Bode: The main difference between the CISC and the RISC architectures was from the user's point of view that they provided upwardly compatible models within a family. Today, a certain move towards more complex RISC architectures can be seen from various RISC manufacturers. Does that mean for the user that there will be new machine command interfaces at some point? Will he always be able to use his object code with the new technology or not?

Lippert: The machine command interface is defined and laid down in the Sparc architecture definition. Today, Sun no longer has this technology under its own control, as the Sparc-International group is in charge. Of course, I assume that this machine command interface will be retained, so that upward compatibility is guaranteed in any case. Of course, there may come a time when you say you need different functions now. However, this can be implemented as an extension without further ado, without conjuring up any break in upward compatibility.

Kranich: I can only agree with Mr. Lippert: You can't expect users and software houses to completely re-port their software every decade.

Ghandi: I think we are at the very beginning of the development. What can definitely not be foreseen, or only very poorly, is how the various developers of a certain architecture will proceed with which strategy and which policy. In my opinion, it is very difficult to predict how things will look in three years' time with the second or third generation of the same architectures from different manufacturers. Nobody can make a clear statement about whether the architecture will stay the same.

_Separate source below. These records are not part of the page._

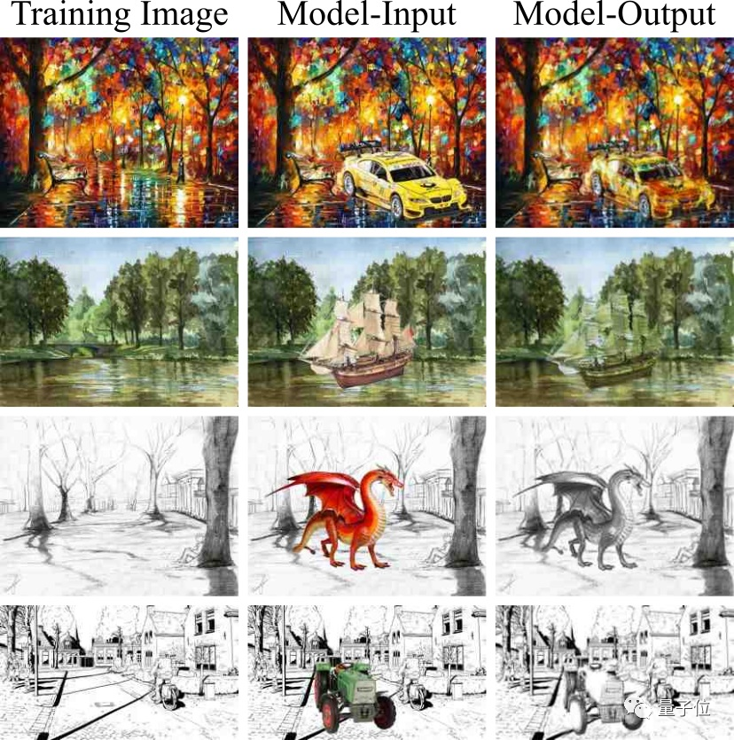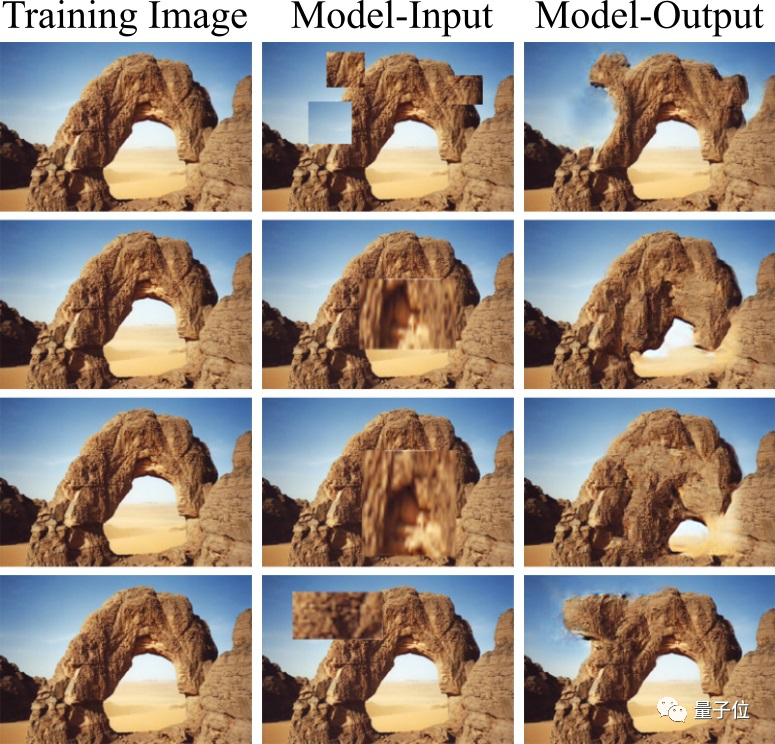 上图左侧是用来训练的单个图像,右侧是利用ConSinGAN训练后生成的复杂全局结构。
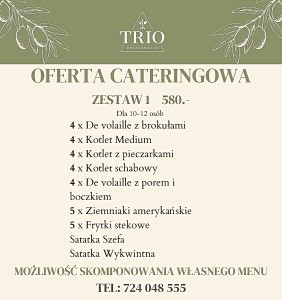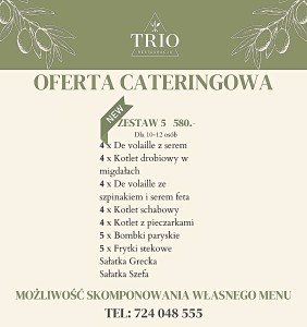 Zadatek za catering w wysokości 50% można zapłacić w restauracji, przelewem lub telefonicznie podając kod Blik. Brak zadatku skutkować będzie brakiem realizacji zamówienia.
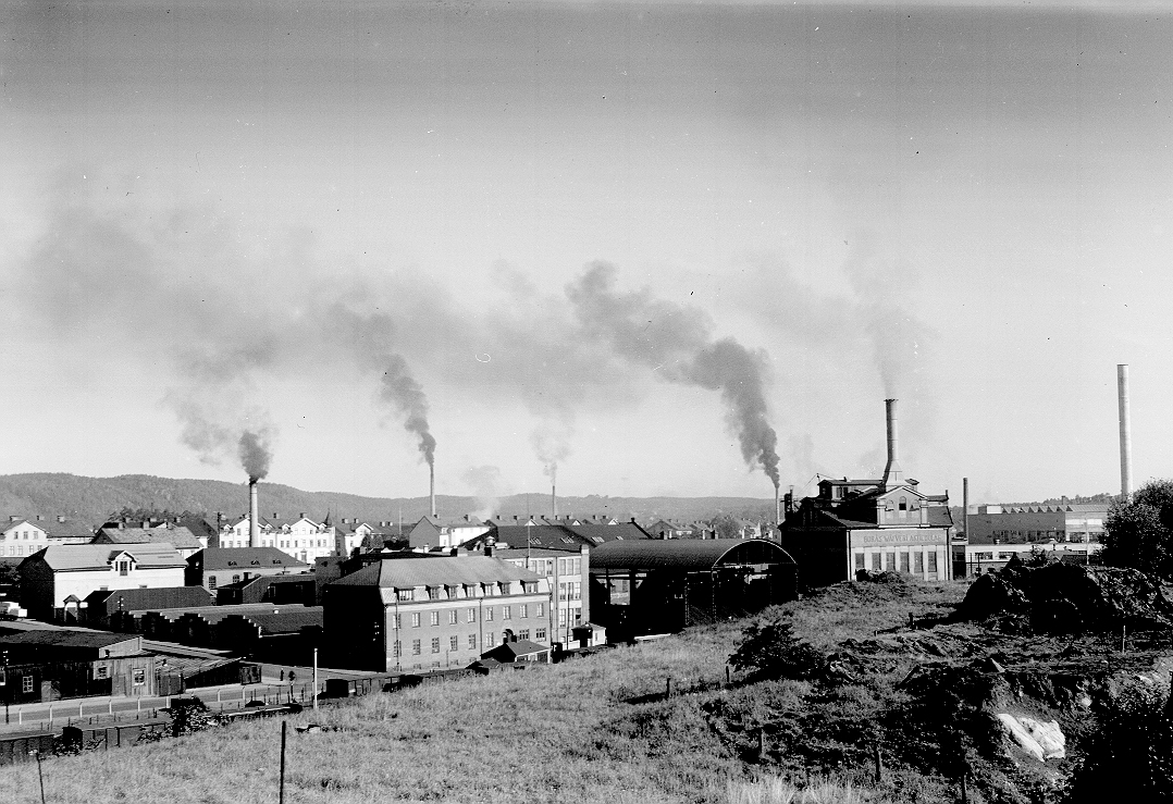 Vy från Krokshallsberget med Wäveribolagets Norrbyfabrik vid Magasinsgatan och Norrby-Trä t.v. i bild.
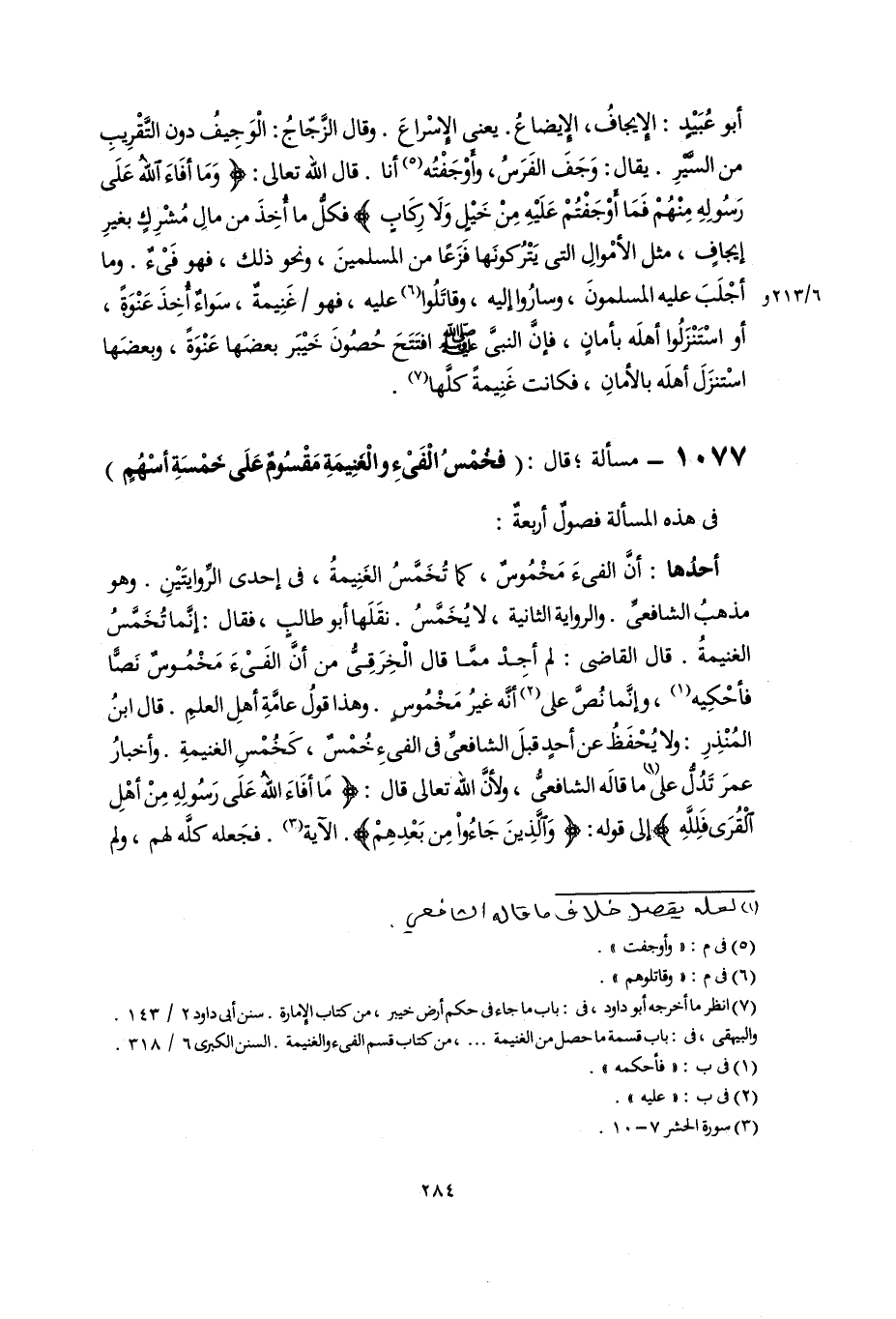 ١٠٧٧ - مسألة؛ قال: (فخُمْسُ الْفَىْءِ والْغَنِيمَةِ مَقْسُومٌ عَلَى خَمْسَةِ أسْهُمٍ)

Lippert: Well, I would like to say something about that: If I understand you correctly, you are saying that something can definitely change in the architecture. That the users are expected to go to a different machine command interface again. From my point of view, that would be a mistake. I believe that all systems that do not guarantee compatibility will not stand a chance on the market in ten or 15 years.

Gandhi: My question was only aimed at whether the various manufacturers of Sparc or Mips architectures attach the same importance to discussing upward compatibility with other manufacturers. For example, whether the next generation of Cypress will be compatible with the upcoming generation and an even later one from LSI and will support a similar object code.

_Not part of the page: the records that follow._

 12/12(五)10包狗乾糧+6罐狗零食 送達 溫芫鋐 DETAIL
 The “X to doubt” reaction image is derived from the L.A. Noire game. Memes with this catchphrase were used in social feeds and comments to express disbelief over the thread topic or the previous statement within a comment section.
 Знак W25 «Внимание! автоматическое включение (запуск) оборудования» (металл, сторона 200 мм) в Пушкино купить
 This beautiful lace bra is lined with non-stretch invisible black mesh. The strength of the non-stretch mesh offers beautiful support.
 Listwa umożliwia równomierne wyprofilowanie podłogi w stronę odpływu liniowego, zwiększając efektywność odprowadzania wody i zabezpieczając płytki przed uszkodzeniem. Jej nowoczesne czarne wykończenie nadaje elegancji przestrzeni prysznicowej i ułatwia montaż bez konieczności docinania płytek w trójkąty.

Lippert: That is Sparc's objective, the basis

deliver for systems that are truly binary code compatible. I have not yet seen a system from Silicon Graphics that is binary-compatible with that from Digital or any other licensee that is based on the Mips architecture. That is up to the manufacturers.

Haas: It's the operating system, not the processor architecture.

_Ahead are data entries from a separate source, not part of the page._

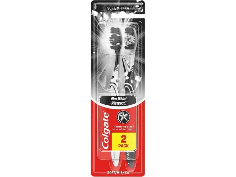 Мягкая зубная щетка Colgate Max White Charcoal Soft Toothbrush с уникальной полировальной звездочкой и специально разработанным узором щетины помогает отбелить зубы, удаляя пятна и открывая природное бельё ваших зубов. Помогает удалить пятна и раскрыть природное белье ваших зубов. Имеет уникальную полировальную звезду и специально разработан рисунок щетины. Угольная щетина.
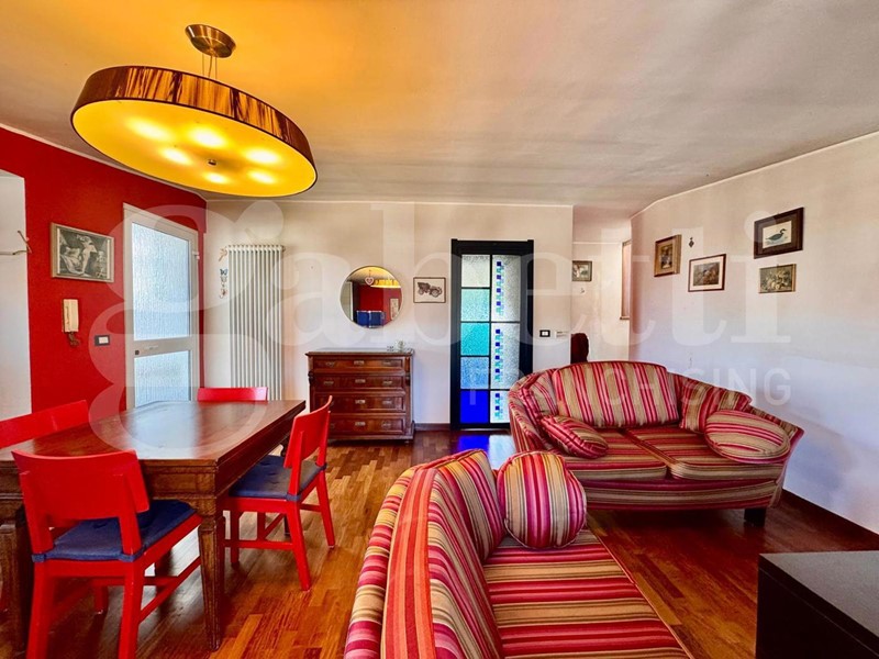 Al piano mansardato, con ingresso sia interno che dall'esterno, troviamo un vano open space attualmente adibito a soggiorno con angolo cottura, camera con cabina armadi, servizio, balcone e terrazzo panoramico.
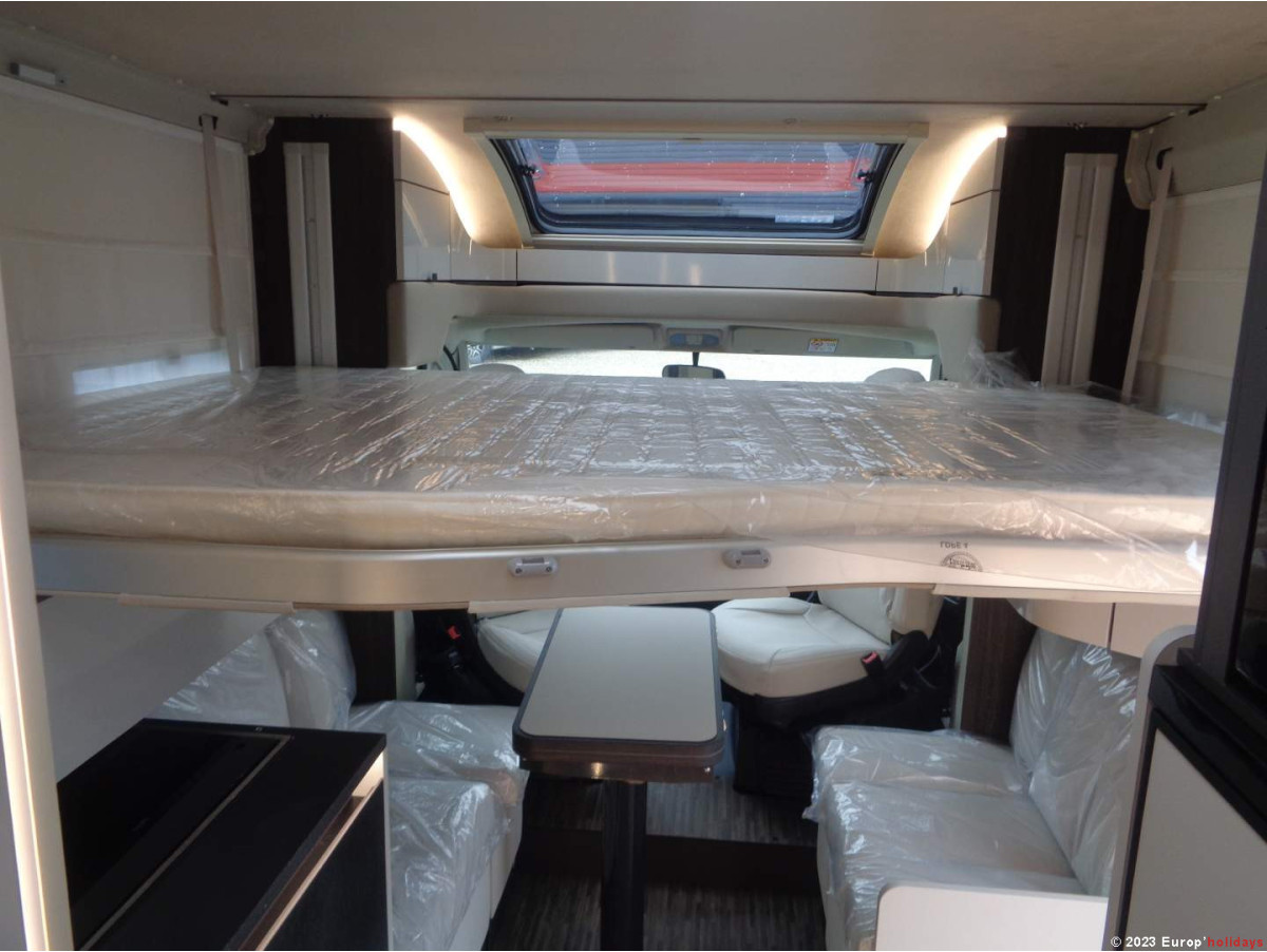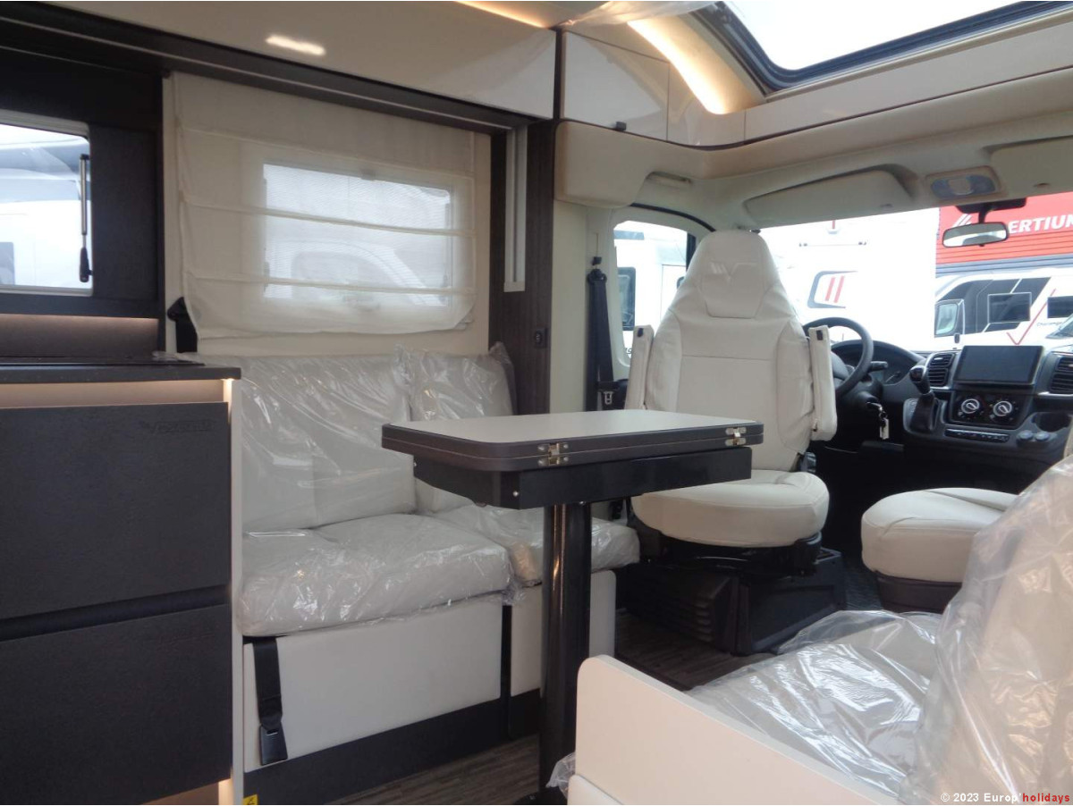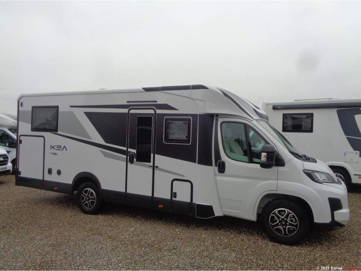 Der Mobilvetta Kea P 86 ist endlich da: teilintegriertes Wohnmobil mit Einzelbetten und elektrischem Hubbett, Face-to-Face-Sitzgruppe und großer Heckgarage.

Lippert: Sure, but what is de facto interesting is what people get out of it afterwards. Today it is the case that it must be ensured that a multi-vendor community is created like the one in the PC world. This is the basis for long software use. If you can't guarantee that, it doesn't make much sense.

Richards: The people in the industry have learned a lesson: the individual silicone manufacturer can no longer develop complete instruction set architectures on their own. That is only possible in a group. They must have expertise in the technology as well as in compiler development and system integration.

Only with this combined accumulated knowledge was it possible or could be developed things like the option to switch hardware pipelines in order to start several instructions at the same time, or to integrate user-defined instructions for the future support of co-processors such as graphics Chips that can be mapped into the instruction set. That was never possible on CISC machines.